Reaction-transport model

We use a one-dimensional reaction-transport model (RTM) to calculate the distribution and degradation rate of POC in subseafloor sediments throughout the Quaternary period, following the approach described in (36). Similar to Wallmann et al. (37), constant boundary conditions and parameters are used to characterize the Holocene (0 to 11,700 years old) and Pleistocene (11,700 years old to 2.59 million years old) depositional environments.

The one-dimensional conservation equation for POC in porous media is given by (38–39)

$$\begin{array}{c}\frac{\mathrm{\partial }(1-\mathrm{\Phi })\text{POC}}{\mathrm{\partial }t}=\frac{\mathrm{\partial }}{\mathrm{\partial }z}(D_{\mathrm{b}}(1-\mathrm{\Phi })\frac{\mathrm{\partial }\mathrm{POC}}{\mathrm{\partial }z})-\\ \frac{\mathrm{\partial }(1-\mathrm{\Phi })\mathrm{\omega }\text{POC}}{\mathrm{\partial }z}+(1-\mathrm{\Phi })R_{\text{POC}}\end{array}$$ (2)

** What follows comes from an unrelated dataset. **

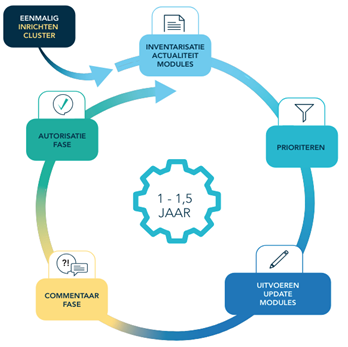 - Need-for-update fase: Inventariseren van de actualiteit van de modules binnen het cluster (1-2 maanden)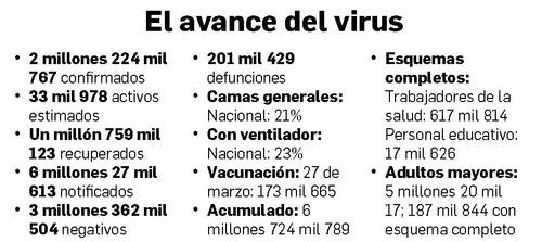 Mientras, la vacunación contra el Covid-19 se reanudó en Nuevo Laredo, Tamaulipas, adonde se remitieron 17 mil 966 dosis que se inocularán en tres módulos a adultos mayores de 60 años entre domingo y lunes.

where POC (grams of C per cubic centimeter dry sediment) is the concentration of POC, t refers to time, D_b (square centimeters per year) stands for the bioturbation coefficient, ω (centimeters per year) represents the sedimentation rate, and R_POC (grams of C per cubic centimeter per year) denotes the rate of organic matter degradation. The porosity, Φ, of marine sediments in the shelf, margin, and abyss domains was calculated as a function of depth, z (meters), assuming steady-state compaction, according to (40)

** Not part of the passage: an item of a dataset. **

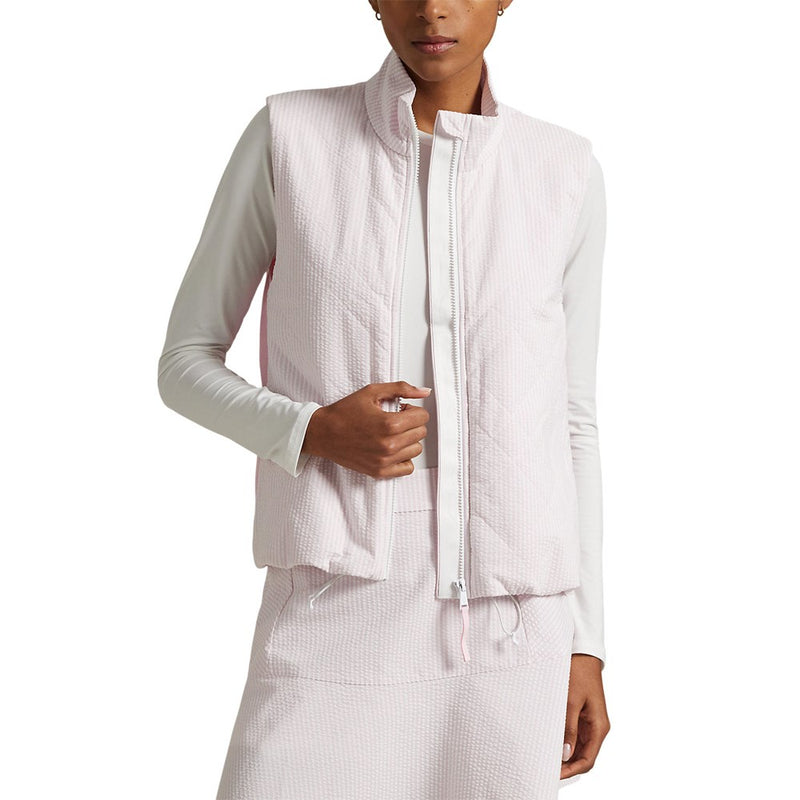 regular price £116.00RLX Ralph Lauren Women's Tour Pique Sleeveless Mock Neck 1/4 Zip Golf Top - White/Garden Pink/Pistachio

$${\mathrm{\Phi }}_z={\mathrm{\Phi }}_0·e^{-c_0·z}$$ (3)

where Φ₀ denotes the porosity at the sediment-water interface (SWI) and c₀ (per meter) stands for the compaction length scale, which characterizes how a given sediment type will compact under its own weight.

Quaternary sediments are divided into three layers: Holocene bioturbated [top 10 cm (39)], nonbioturbated Holocene (<11,700 years), and Pleistocene (<2.59 million years). Sediment mixing was assumed to be constant over the bioturbated layer and nonexistent immediately below it. The rate of organic matter degradation, R_POC, was described using a reactive continuum model (RCM). The RCM assumes a continuous yet dynamic distribution of organic compounds comprising a range of reactivities and reproducing the often-observed decrease in apparent POC reactivity with increasing sediment depth (and thus age) (41). Within the RCM, R_POC is given by

$$R_{\text{POC}}=-\underset{0}{\overset{\infty }{\int }} k·\mathit{om}(k,t)\mathit{dk}$$ (4)

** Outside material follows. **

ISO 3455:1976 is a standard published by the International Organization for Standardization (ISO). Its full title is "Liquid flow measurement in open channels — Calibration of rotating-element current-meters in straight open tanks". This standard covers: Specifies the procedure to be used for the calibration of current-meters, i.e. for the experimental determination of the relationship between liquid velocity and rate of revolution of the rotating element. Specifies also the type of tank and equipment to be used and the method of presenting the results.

where om(k,t) represents a probability density function that determines the concentration of organic matter having a degradability between k and k + dk at time t, with k being analogous to a reaction rate constant. The initial distribution or organic compounds [om(k,0)] cannot be inferred by observations and may take different mathematical forms. We use a gamma function (36, 41–43), assuming first-order degradation kinetics, whereby the initial (t = 0) distribution of om over k is given by

$$\mathit{om}(k,0)=\frac{{\text{POC}}_0·a^{\mathrm{\nu }}·k^{\mathrm{\nu }-1}·e^{-a·k}}{\mathrm{\Gamma }(\mathrm{\nu })}$$ (5)

where POC₀ is the initial organic matter content (at the SWI), Γ is the gamma function, a (years) is the average lifetime of the reactive components of the POC, and ν is a dimensionless parameter determining the shape of the distribution near k = 0. Assuming steady-state conditions (∂POC/∂t = 0) and a known organic C content at the sediment water interface, POC₀, the change in the POC concentration as a function of depth, POC(z), is given by (41)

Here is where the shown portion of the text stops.